Em 1966 foi organizado o primeiro Festival Internacional da Canção Popular, transmitido na época pela TV Rio. Imagens do evento podem ser visto em um blog sobre o assunto. Diziam testemunhas que Mancini teria entrado no palco tremendo que nem vara verde. É até possível que seja verdade, porque o clima naqueles festivais era de amargar, vaias em profusão, parecia torcida de estádio de futebol, uma tristeza!
Em um documentário feito para a televisão inglesa na década de 1990, eu ouvi Henry Mancini se referir a “Wave” como uma das músicas mais bem escritas até hoje.

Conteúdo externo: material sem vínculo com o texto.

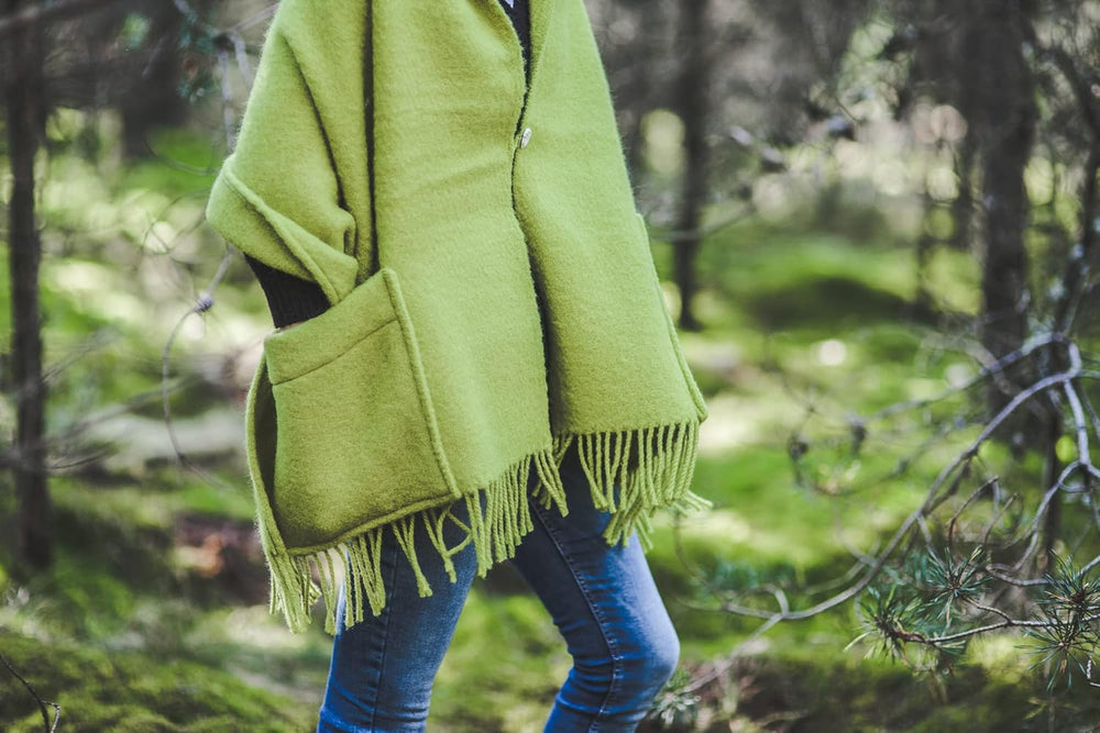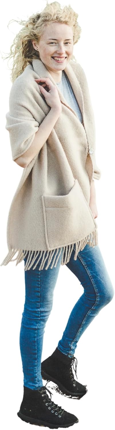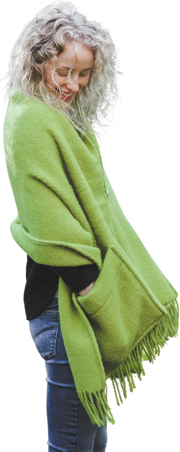 Damen Schal Schultertuch aus 100% Wolle mit Taschen - Poncho Stola 65x180cm + Fransen Tuch & Umschla

Se eu não tivesse ouvido eu mesmo, provavelmente não acreditaria que ele tivesse dito isso, não porque Wave não seja antológica, mas porque o acervo do maestro é recheado de pequenas obras primas!

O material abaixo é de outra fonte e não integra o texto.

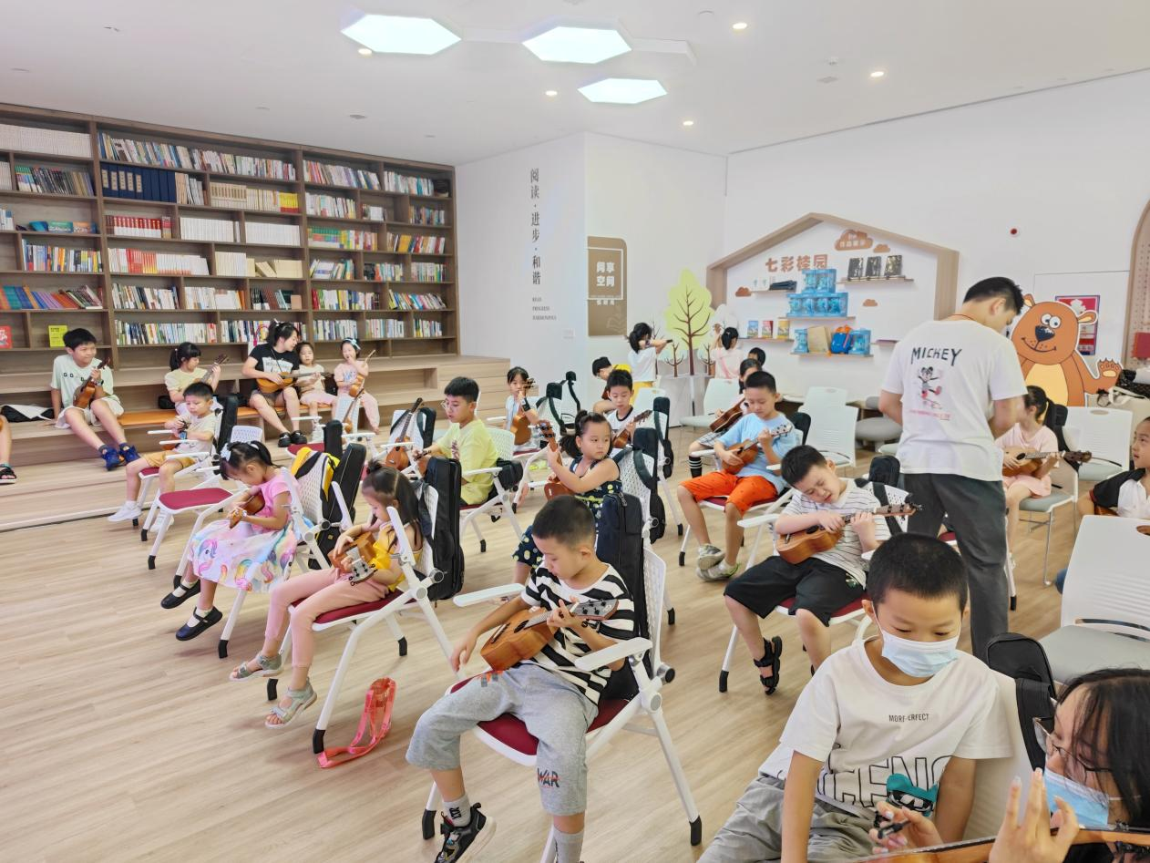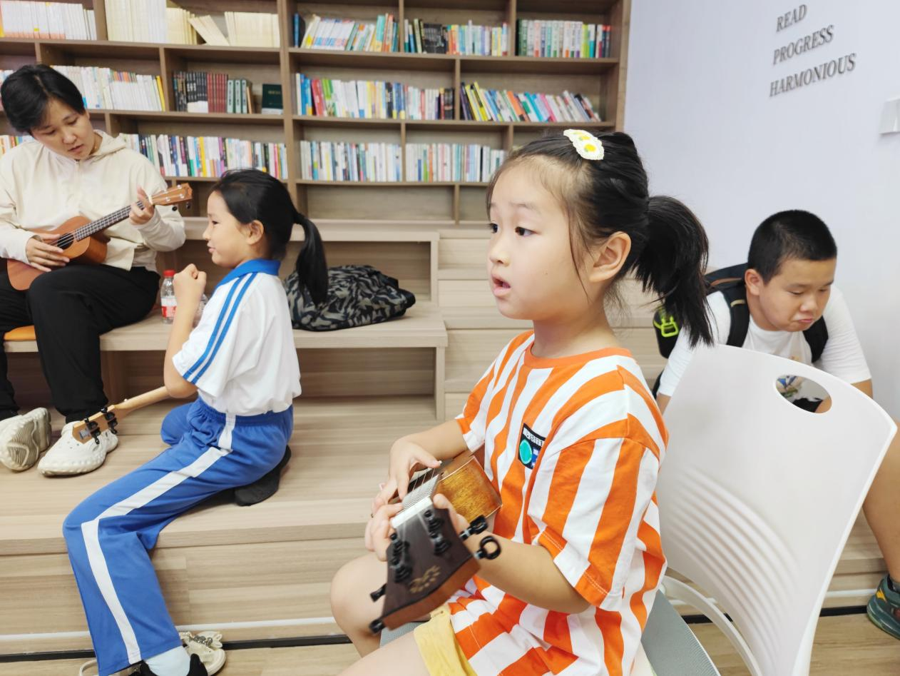 7月中旬,随着尤克里里的学习课程进一步推进,在之前的课程基础上,老师通过热门儿歌弹奏、和弦转换练习等方式,深入讲解了尤克里里的知识。课堂上,同学们专心致志地学习,老师带领着大家一起反复练习各类趣味曲目,促使学生逐渐熟悉掌握尤克里里的弹唱技巧。经过这段时间的学习,学生们已经能弹出不少耳熟能详的歌谣,也对尤克里里产生了兴趣。

Basta citar o tema do show de TV “Mr. Lucky”, com lindíssima introdução em órgão. Cantado com a ajuda do seu coral “Mr. Lucky” é ainda mais brilhante. A gravação faz parte do álbum “Dear Hart, And Other Songs About Love” (RCA, 1964), e eu confesso que eu incorporei este disco na minha coleção inicialmente só por causa desta faixa.
Olhando somente o lado jazzístico da obra de Henry Mancini nota-se que não houve discriminação sobre o veículo de comunicação ao qual o material composto se destinava. A trilha sonora de Peter Gunn é um exemplo claro disso, com um embasamento que serviu de base para ajudar a criar o clima do seriado, ao mesmo tempo em que se presta à construção de standards tanto de jazz quanto de música popular.
Pantera Cor de Rosa
Por causa do tema principal do filme “A Pantera Cor de Rosa”, o saxofonista Plas Johnson ficou conhecido por todo mundo. É virtualmente impossível ouvir o tema da pantera e não se lembrar dele!
A sequência de trilhas sonoras desde o início da década de 1960 é exemplar, todos os discos montados para o público, ao invés de serem cópias das trilhas propriamente ditas. As gravações envolvem o processo Living Stereo da RCA por vários anos.
É possível registrar a íntima associação com o diretor Blake Edwards ao longo deste período. Mas, Mancini ficou também conhecido pela trilha de “Touch Of Evil” (“A Marca Da Maldade”), obra singular do diretor Orson Welles.
Como cada pessoa tem o gosto que lhe compete e agrada, para mim o melhor álbum de Henry Mancini até hoje é Uniquely Mancini, gravado com a sua big band para a RCA, em 1963.
O disco foi lançado com o então processo “revolucionário” de fabricação de elepês chamado na época de Dynagroove. A BMG da Espanha nos fez o favor de reeditar o disco com excelente transcrição da master.
Nesta edição, o som é limpo, revelador nos detalhes e nos faz lembrar como valorizamos a edição antiga do elepê. Por outro lado, de “Living Stereo” a edição não tem nada, trata-se de uma gravação com métodos Dynagroove, usados nesta época.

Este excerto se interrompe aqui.